Conflict, civil war and underdevelopment

This article has been written by S. Mansoob Mursheed and discusses as to how the internal conflict and civil was in under-developed countries can really lead to increase in poverty and under-development.

This basic finding of this article includes some of the implicit recommendations as to how the internal conflict can be negotiated and what are some of the means through which this can be achieved. Writer’s basic argument is based on the assumptions that the internal conflict in developed does not result into civil war rather due to institutionalization; such conflicts are amicably resolved however, when it comes to under-developed world, such conflicts become more critical because of their socio-political significance.

This article also indicates towards the fact that internal conflict is multi-faceted and as such to tackle it in underdeveloped countries, it is really critical that a methodological approach must be adapted. Social stability created through social contacts is one of the ways through which internal conflict can be reduced or resolves besides ensuring that the probability of civil war does not arise.

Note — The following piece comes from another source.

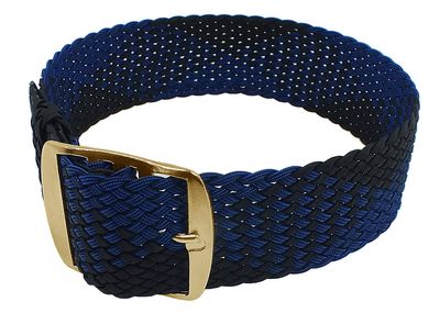 Uhrenarmband in blau/schwarz > gleichlaufend > Dornschließe: silber- oder gelbgoldfarben

The major implications of this article may include the assumptions that if the social stability is not achieved in low income countries, there are chances that there may be conflict based on the ethnic and religious basis. Public and economic policies shall therefore be specially directed at creating an environment which can support such stability and increase the social contact between different ethnic groups of the population. Writer is also of the view that war is not an irrational concept but underlying it there is certain internal as well as external socio-political causes which ignites war and other internal conflicts.